British philosopher (born 1946)

Kit Fine (born 26 March 1946) is a British philosopher who is the Silver Professor of Philosophy and Mathematics at New York University. Prior to joining the philosophy department of NYU in 1997, he taught at the University of Edinburgh, University of California, Irvine, University of Michigan and UCLA. The author of multiple books and over 100 articles in international academic journals, he has made notable contributions to the fields of philosophical logic, metaphysics, and the philosophy of language and also has written on ancient philosophy, in particular on Aristotle's account of logic and modality.

He is also a distinguished research professor in the Department of Philosophy, University of Birmingham, England. Since 2018, Fine is visiting professor at the University of Italian Switzerland.
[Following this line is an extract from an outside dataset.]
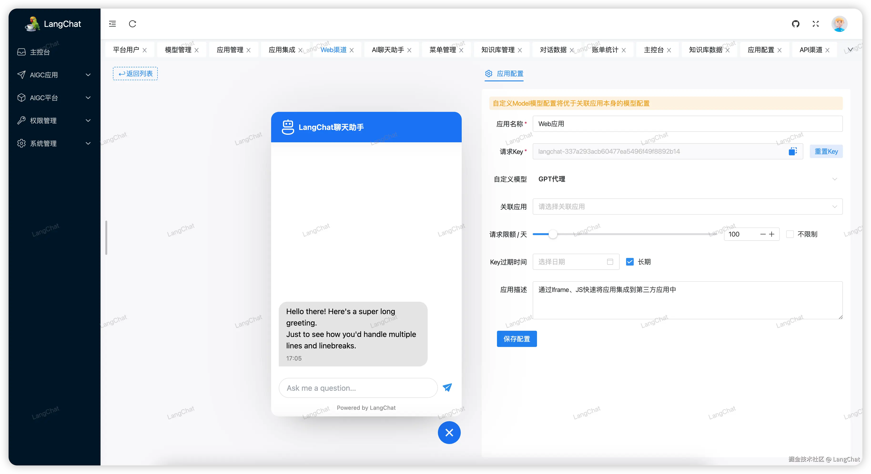我开源了一套Java生态AIGC知识库、Agent多模态平台应用 LangChat 2024-08-12 458 阅读1分钟 开源地址:github.com/TyCoding/la… 产品官网:langchat.cn Java生态的AIGC解决方案, 集成国内外数十家AI大模型、知识库检索、 Agent、FunctionCall、WebSearch、高级RAG, 快速构建企业机器人 支持WebSDK、API多渠道接入 支持OSS多存储方案 支持动态配置模型,无感刷新模型配置 支持Embedding本地化方案 感兴趣友友们可以点个star哦,可以进群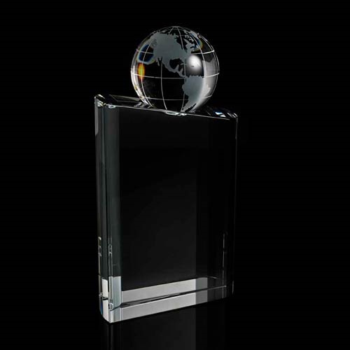 Crystal globe mounted onto a medium crystal chunky block with bevelled edges 180mm high supplied in a satin lined box. Large also available POA.

==Education, family and career==
After graduating from Balliol College, Oxford (B.A. in Philosophy, Politics, and Economics, 1967), Fine received his Ph.D. from the University of Warwick in 1969, under the supervision of A. N. Prior. He then taught at the University of Edinburgh, University of California, Irvine, University of Michigan, and UCLA, before moving to New York University as the Silver Professor and University Professor of Philosophy and Mathematics.
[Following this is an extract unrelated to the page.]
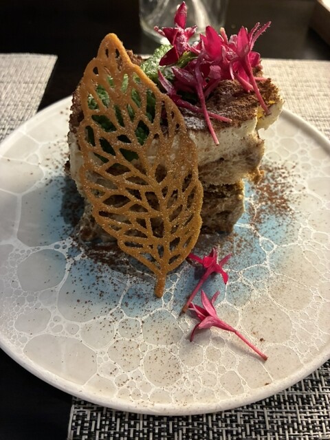 予約してワインペアリングのコースを頂きました。女性客であふれる、おしゃれなお店でした。ワインは一つずつボトルをおいて見せてくれます。前菜のプレートが美しくて、ここがピークかもしれません。ワインと一緒に順番に頂いたら、幸せな気分になりました。そのごもよかったですよ。

He was elected a Corresponding Fellow of the British Academy in 2005 and a Fellow of the American Academy of Arts & Sciences in 2006. He has held fellowships from the John Simon Guggenheim Memorial Foundation and the American Council of Learned Societies and is a former editor of the Journal of Symbolic Logic.
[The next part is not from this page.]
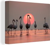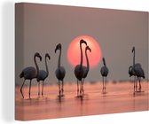 Amenez votre intérieur à un niveau supérieur avec cette toile ! Sur cette toile, un groupe de flamants roses se tient devant un soleil couchant.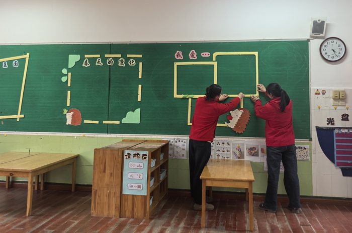 一角一落皆教育,一纸一张皆创造。老师们根据幼儿的身心发展规律,从视觉、感官等方面打造充满童真童趣的班级环境。从主题墙到活动区,从区域设计到材料投放,处处彰显温馨舒适、温暖愉悦的生活、学习环境。同时大家共同商讨,制定各项计划,备课、制作教玩具,为新学期教学做好准备。

Fine has two daughters from his former marriage to Anne Fine. Anne Fine is an author of children's books; Cordelia Fine is a professor of philosophy at the University of Melbourne; Ione Fine is a professor at the University of Washington.

==Philosophical work==
In addition to his primary areas of research, he has written papers in ancient philosophy, linguistics, computer science, and economic theory.

Fine has described his general approach to philosophy as follows: "I’m firmly of the opinion that real progress in philosophy can only come from taking common sense seriously. A departure from common sense is usually an indication that a mistake has been made."

== Awards ==
In 2013, Fine held the Gödel Lecture, titled Truthmaker semantics.

==Bibliography==
- Worlds, Times, and Selves (with A. N. Prior). University of Massachusetts Press, 1977. ISBN 0-87023-227-4
- Reasoning With Arbitrary Objects. Blackwell, 1986. ISBN 0-631-13844-7
- The Limits of Abstraction. Oxford University Press, 2002. ISBN 0-19-924618-1
- Modality and Tense: Philosophical Papers. Oxford University Press, 2005. ISBN 0-19-927871-7
- Semantic Relationism. Blackwell, 2007. ISBN 978-1-4051-0844-7
- Vagueness: A Global Approach, Oxford University Press, 2020. ISBN 978-0-1975-1495-5

For a full 2023 listing of publications see "Bibliography of Kit Fine" (back matter from Kit Fine on Truthmakers, Relevance, and Non-classical Logic).